An Analysis of Indexing and Querying Strategies on a Technologically Assisted Review Task
This work addresses the challenge of optimizing information retrieval for medical literature review, but it is incremental as it builds on existing tools and datasets.
The paper tackled the problem of improving document retrieval effectiveness in technologically assisted review tasks by experimenting with different indexing and query parsing strategies on the CLEF 2017 eHealth collection. The result showed that including more fields in the PubMed indexer of the Lucene4IR system significantly enhanced retrieval performance.

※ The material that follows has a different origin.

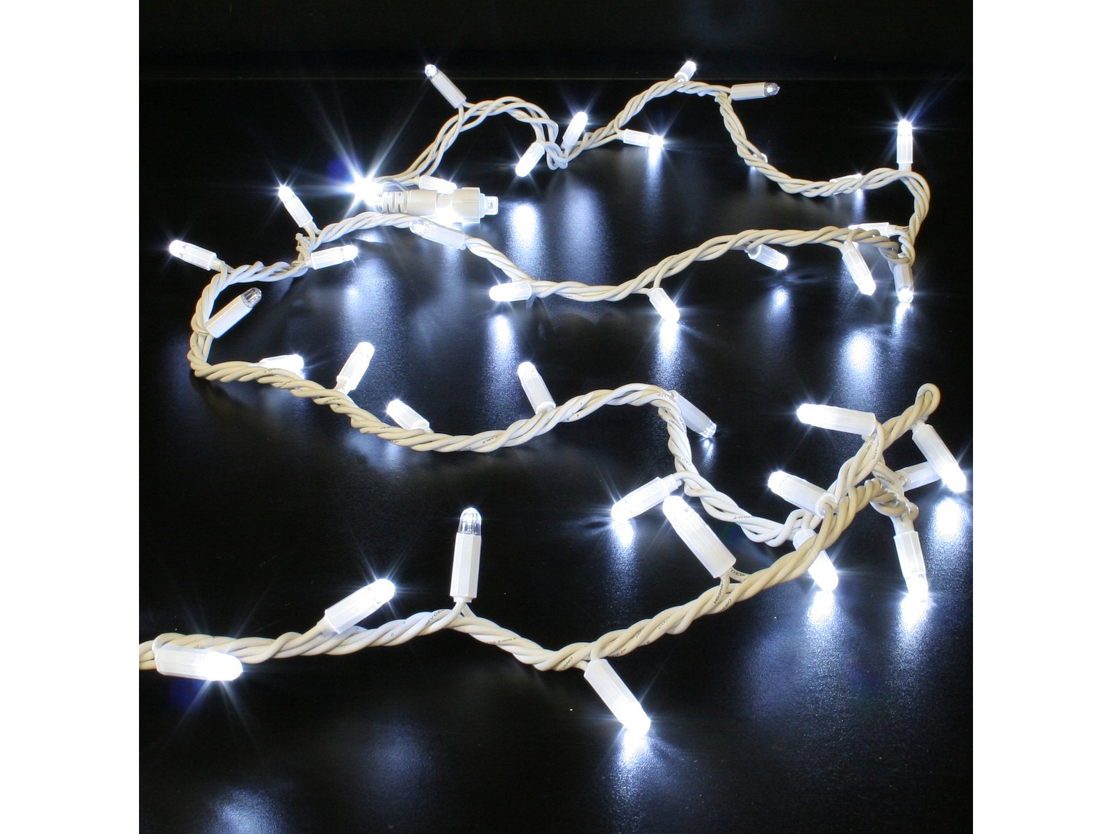 Det hvide kabel giver et stilrent og diskret udtryk, som blander sig let med lyse overflader, mens det kolde hvide lys giver et klart og elegant look, perfekt til moderne vinter- og juleudsmykning. Med IP66-beskyttelse er lyskæden robust og kan tåle regn, sne og vind, hvilket gør den perfekt til krævende udendørs forhold.

This paper presents a preliminary experimentation study using the CLEF 2017 eHealth Task 2 collection for evaluating the effectiveness of different indexing methodologies of documents and query parsing techniques. Furthermore, it is an attempt to advance and share the efforts of observing the characteristics and helpfulness of various methodologies for indexing PubMed documents and for different topic parsing techniques to produce queries. For this purpose, my research includes experimentation with different document indexing methodologies, by utilising existing tools, such as the Lucene4IR (L4IR) information retrieval system, the Technology Assisted Reviews for Empirical Medicine tool for parsing topics of the CLEF collection and the TREC evaluation tool to appraise system's performance. The results showed that including a greater number of fields to the PubMed indexer of L4IR is a decisive factor for the retrieval effectiveness of L4IR.